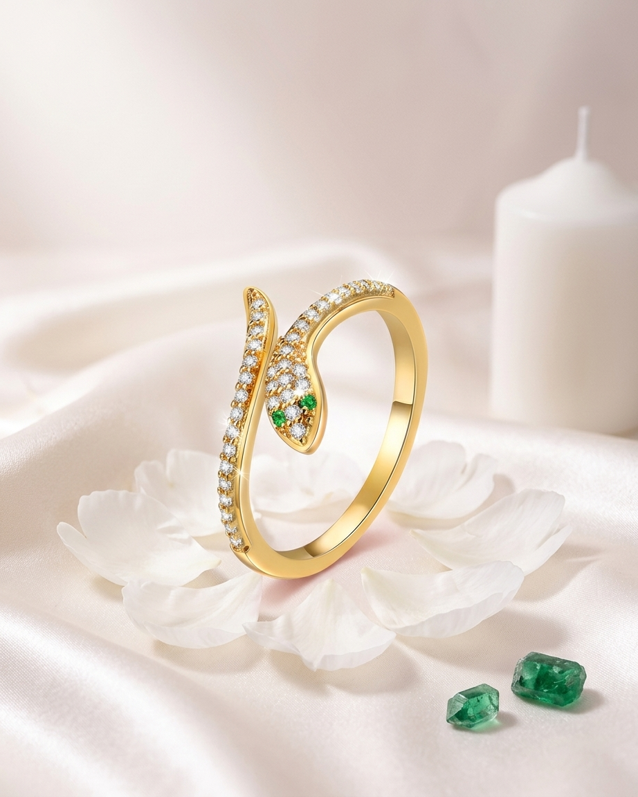 Channel your inner power with this 18K gold-plated snake ring. Featuring a sparkling crystal-encrusted body and vibrant green eyes, this adjustable bypass ring offers an edgy yet refined look that is completely waterproof and anti-tarnish.
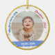 Trendy, elegante e fofo personalizou o Primeiro Ornament de Natal para um novo bebê com uma moldura branca com flocos de neve e estrelas que tem uma abertura redonda para uma foto horizontal personalizada, e banda azul curvada em cada lado na qual aparece o nome ou nomes do menino e sua data de nascimento em uma elegante letra/tipografia. Esta design inclui na frente as palavras "Minha primeira feliz, Natal 202X" com um ouro moderno de falso brilho.
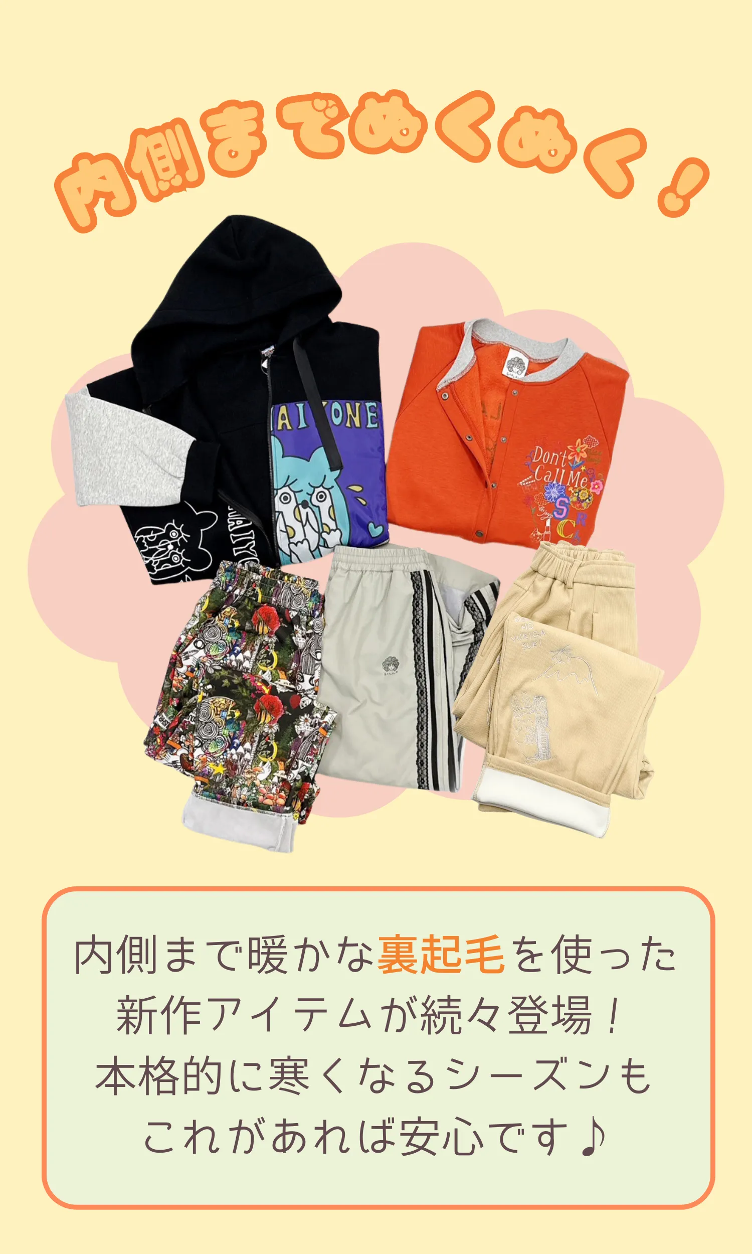 裏起毛で内側までぬくぬく!
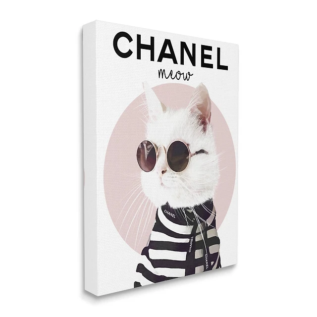 Stupell Industries Chic Kitty Cat Meow Glam Fashion Pink Circle Canvas Wall Art

^^^^

Directions for this task:
Type the lines above out again exactly as they appear, skipping every picture.

Your solution:
 Channel your inner power with this 18K gold-plated snake ring. Featuring a sparkling crystal-encrusted body and vibrant green eyes, this adjustable bypass ring offers an edgy yet refined look that is completely waterproof and anti-tarnish.
 Trendy, elegante e fofo personalizou o Primeiro Ornament de Natal para um novo bebê com uma moldura branca com flocos de neve e estrelas que tem uma abertura redonda para uma foto horizontal personalizada, e banda azul curvada em cada lado na qual aparece o nome ou nomes do menino e sua data de nascimento em uma elegante letra/tipografia. Esta design inclui na frente as palavras "Minha primeira feliz, Natal 202X" com um ouro moderno de falso brilho.
 裏起毛で内側までぬくぬく!
 Stupell Industries Chic Kitty Cat Meow Glam Fashion Pink Circle Canvas Wall Art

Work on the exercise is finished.